Deploying with Cerebrium

vLLM_plus_cerebrium

vLLM can be run on a cloud based GPU machine with Cerebrium, a serverless AI infrastructure platform that makes it easier for companies to build and deploy AI based applications.

To install the Cerebrium client, run:

  1. $ pip install cerebrium
  2. $ cerebrium login

Next, create your Cerebrium project, run:

  1. $ cerebrium init vllm-project

Next, to install the required packages, add the following to your cerebrium.toml:

  1. [cerebrium.deployment]
  2. docker_base_image_url = "nvidia/cuda:12.1.1-runtime-ubuntu22.04"
  3. [cerebrium.dependencies.pip]
  4. vllm = "latest"

Next, let us add our code to handle inference for the LLM of your choice(mistralai/Mistral-7B-Instruct-v0.1 for this example), add the following code to your main.py`:

  1. from vllm import LLM, SamplingParams
  2. llm = LLM(model="mistralai/Mistral-7B-Instruct-v0.1")
  3. def run(prompts: list[str], temperature: float = 0.8, top_p: float = 0.95):
  4. sampling_params = SamplingParams(temperature=temperature, top_p=top_p)
  5. outputs = llm.generate(prompts, sampling_params)
  6. # Print the outputs.
  7. results = []
  8. for output in outputs:
  9. prompt = output.prompt
  10. generated_text = output.outputs[0].text
  11. results.append({"prompt": prompt, "generated_text": generated_text})
  12. return {"results": results}

Then, run the following code to deploy it to the cloud

  1. $ cerebrium deploy

If successful, you should be returned a CURL command that you can call inference against. Just remember to end the url with the function name you are calling (in our case /run)

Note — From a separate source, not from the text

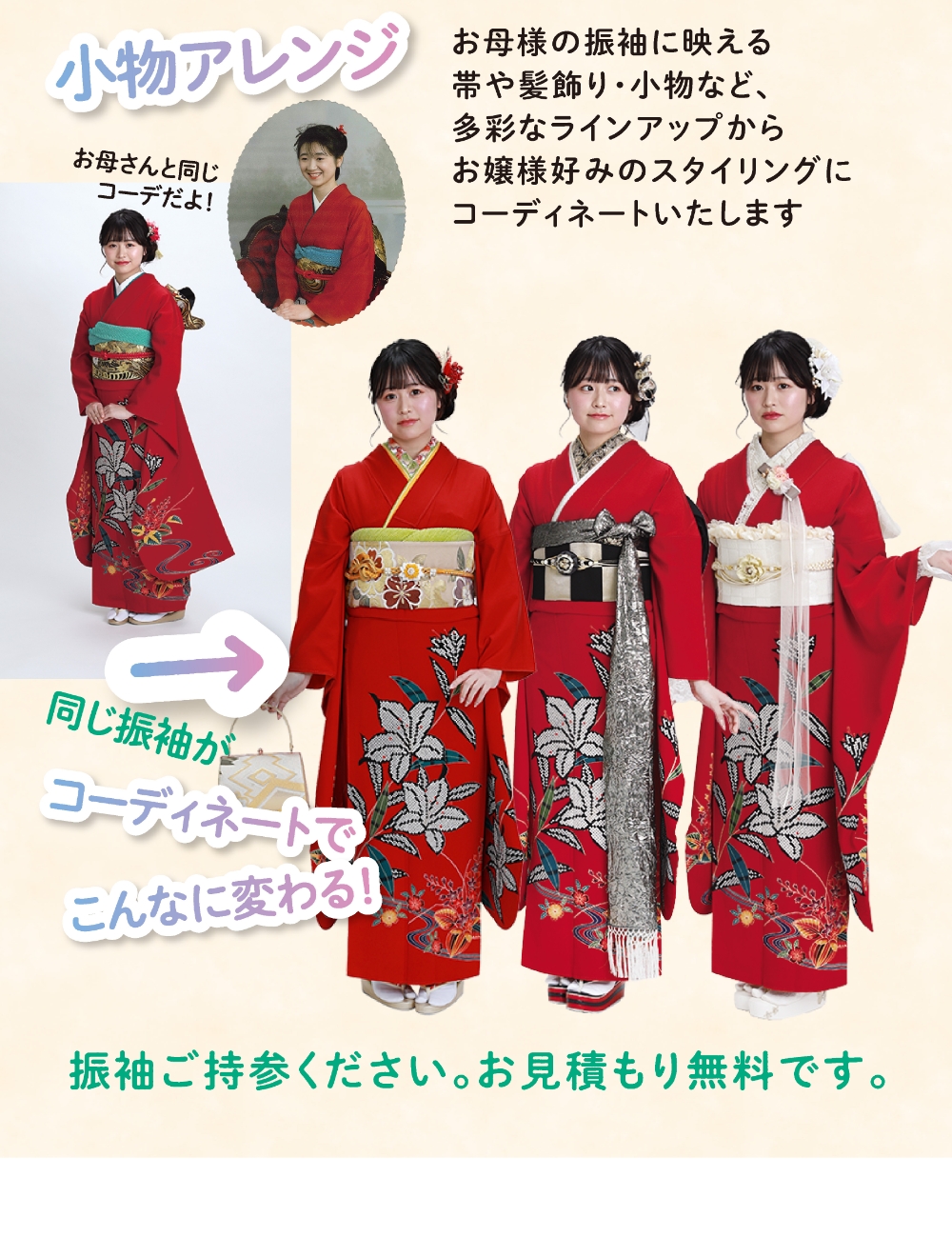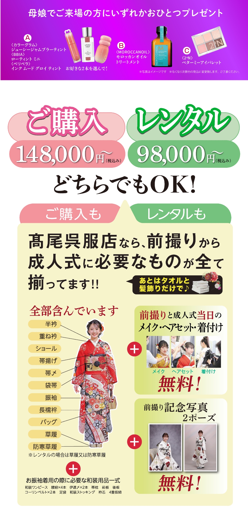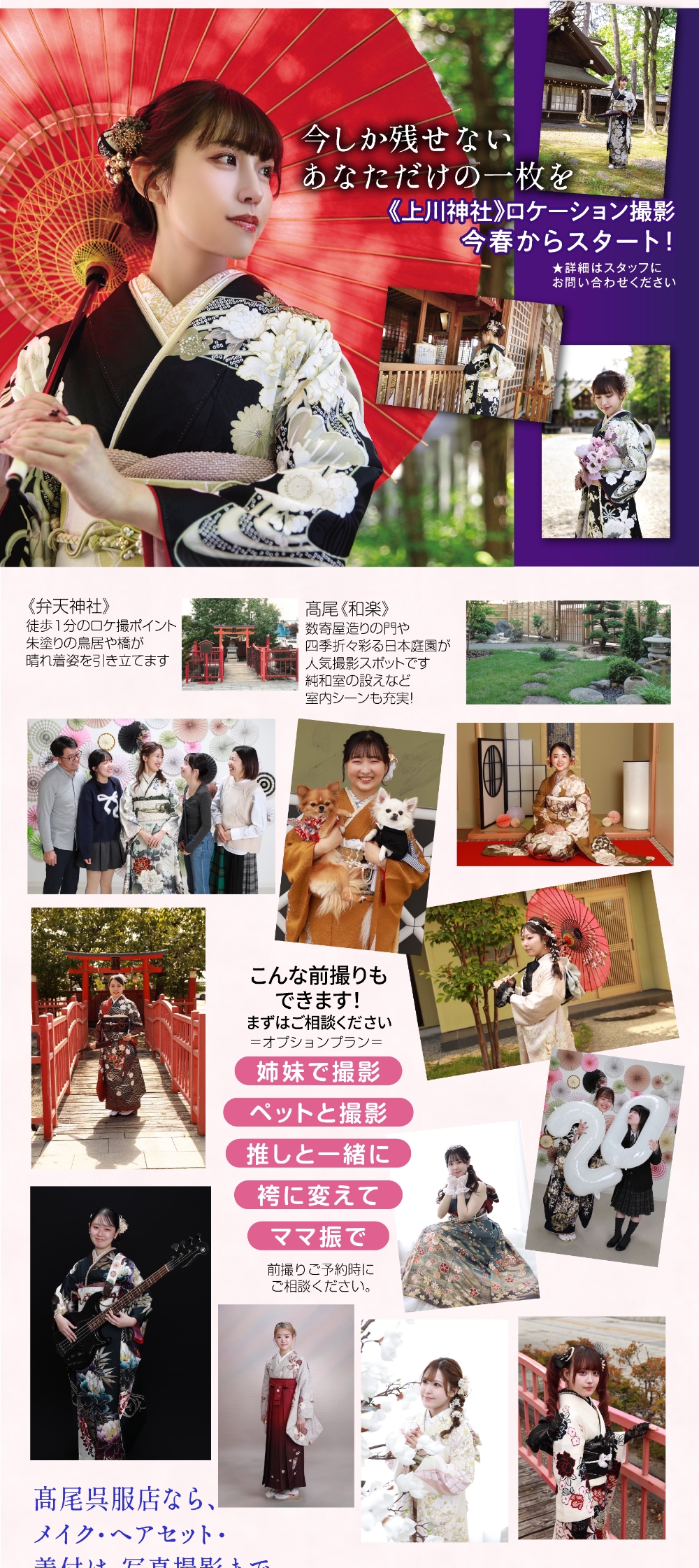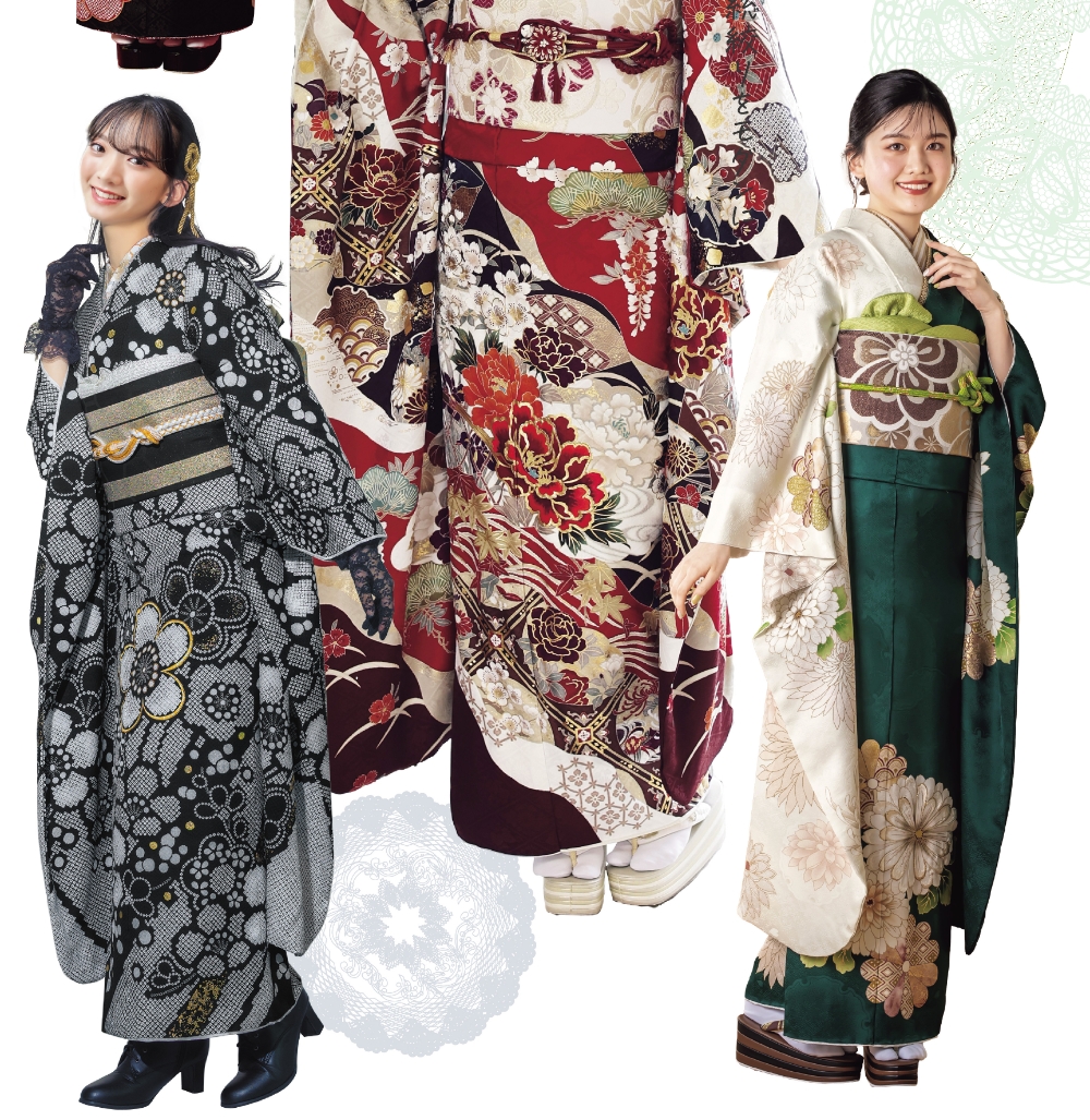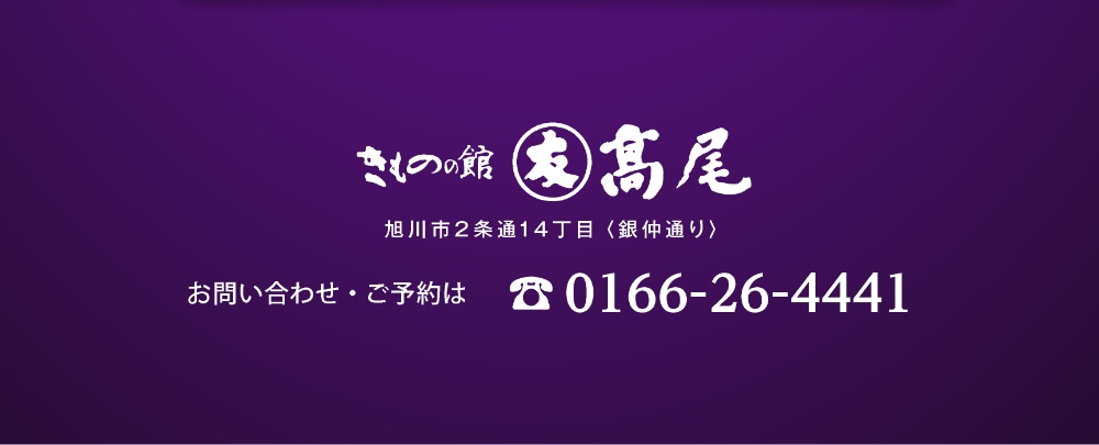 振り袖、色留袖、留め袖、訪問着、小紋、付下げ、色無地、大島、紬、コート地、袋帯、帯全般、七五三、祝い着、夏物、喪服、裏物、小物、加工、悉皆業、各種レンタル品、写真スタジオ

  1. curl -X POST https://api.cortex.cerebrium.ai/v4/p-xxxxxx/vllm/run \
  2. -H 'Content-Type: application/json' \
  3. -H 'Authorization: <JWT TOKEN>' \
  4. --data '{
  5. "prompts": [
  6. "Hello, my name is",
  7. "The president of the United States is",
  8. "The capital of France is",
  9. "The future of AI is"
  10. ]
  11. }'

You should get a response like:

  1. {
  2. "run_id": "52911756-3066-9ae8-bcc9-d9129d1bd262",
  3. "result": {
  4. "result": [
  5. {
  6. "prompt": "Hello, my name is",
  7. "generated_text": " Sarah, and I'm a teacher. I teach elementary school students. One of"
  8. },
  9. {
  10. "prompt": "The president of the United States is",
  11. "generated_text": " elected every four years. This is a democratic system.\n\n5. What"
  12. },
  13. {
  14. "prompt": "The capital of France is",
  15. "generated_text": " Paris.\n"
  16. },
  17. {
  18. "prompt": "The future of AI is",
  19. "generated_text": " bright, but it's important to approach it with a balanced and nuanced perspective."
  20. }
  21. ]
  22. },
  23. "run_time_ms": 152.53663063049316
  24. }

You now have an autoscaling endpoint where you only pay for the compute you use!